Consider this a pop quiz.
The Bible says God has a task force of divine beings who carry out his decisions. It’s referred to as God’s assembly, council, or court (Ps. 89:5–7; Dan. 7:10). One of the clearest verses about it is Psalm 82:1. The Good News Translation puts it well: “God presides in the heavenly council; in the assembly of the gods he gives his decision.”
If you think about it, that’s a startling verse! It rattled me the first time I really looked at it. But what the verse means is what it plainly and simply says. Like any verse, Psalm 82:1 has to be understood in the context of what else the Bible says—in this case, what it says about the gods and how that term should be defined.
The original Hebrew word translated “gods” is elohim. Many of us have thought of elohim for so long in just one single sense—as one of the names of God the Father—that it may be hard for us to think of it in its wider meaning. But the word refers to any inhabitant of the unseen spiritual world. That’s why you’ll find it used of God himself (Gen. 1:1), demons (Deut. 32:17), and the human dead in the afterlife (1 Sam. 28:13). For the Bible, any disembodied being whose home address is the spirit world is an elohim.
The Hebrew term doesn’t refer to a specific set of abilities only God has. The Bible distinguishes God from all other gods in other ways, not by using the word elohim. For instance, the Bible commands the gods to worship the God of the Bible (Ps. 29:1).

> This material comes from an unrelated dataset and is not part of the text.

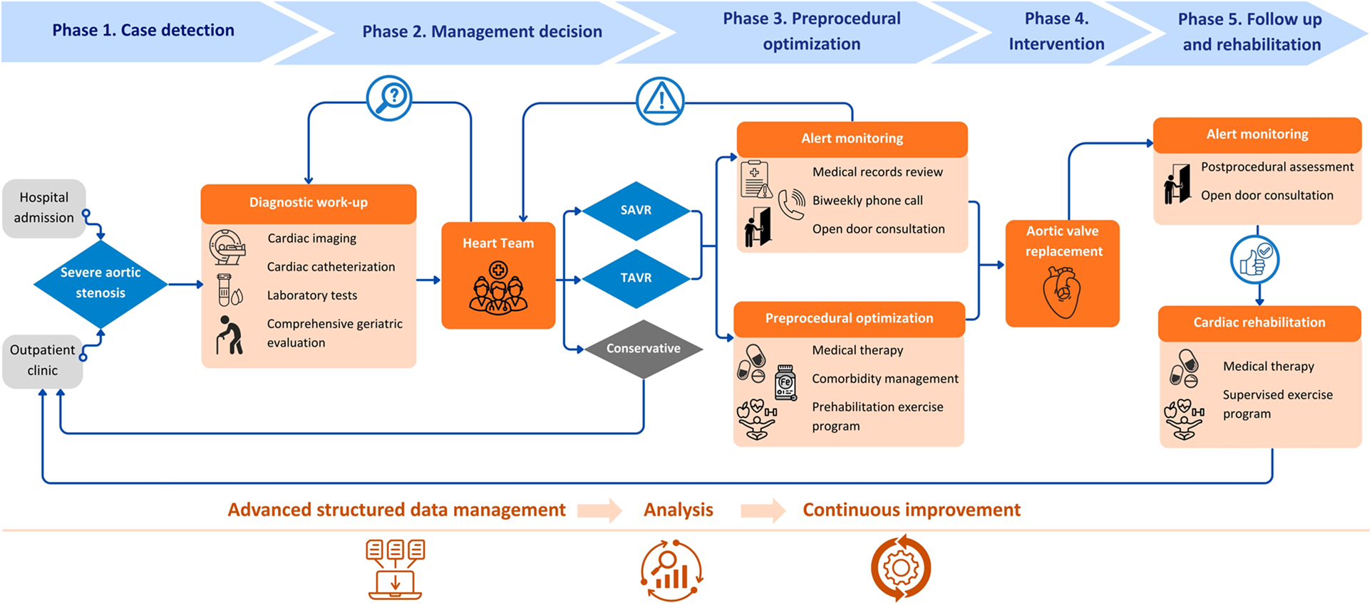 The AS-ICP standardizes all diagnostic and therapeutic interventions for patients with severe AS who are candidates for valve replacement, from diagnosis to treatment and rehabilitation (Figure 1). At our center, it is led by two specialized case-management nurses and coordinated by two cardiologists. Since its implementation in 2018, the AS-ICP has evolved as a dynamic process adapted to the changing needs and conditions of the healthcare system.

He is their creator and king (Ps. 95:3; 148:1–5). Psalm 89:6–7 (GNT) says, “No one in heaven is like you, LORD; none of the heavenly beings is your equal [1 Kings 8:23; Ps. 97:9]. You are feared in the council of the holy ones.” The Bible writers are pretty blunt about the God of Israel having no equal—he is the “God of gods” (Deut. 10:17; Ps. 136:2).
These beings in the “council of the holy ones” are real. In the first chapter of this book, I quoted a passage in which God met with his heavenly host to decide how to get rid of King Ahab. In that passage, the members of this heavenly group were called spirits. If we believe the spirit world is real and is inhabited by God and by spiritual beings he has created (such as angels), we have to admit that God’s supernatural task force, described in the verses I’ve quoted above and many others, is also real. Otherwise, we pay mere lip service to spiritual reality.
And since the Bible identifies these divine council members as spirits, we know the gods aren’t just idols of stone or wood. Statues don’t work for God in a heavenly council. It’s true that people in the ancient world who worshipped the rival gods did make idols. But they knew the idols they made with their own hands weren’t the real powers. Those handcrafted idols were just objects their gods could inhabit to receive sacrifices and dispense knowledge to their followers, who performed rituals to solicit the gods to come to them and take up residence in the idol.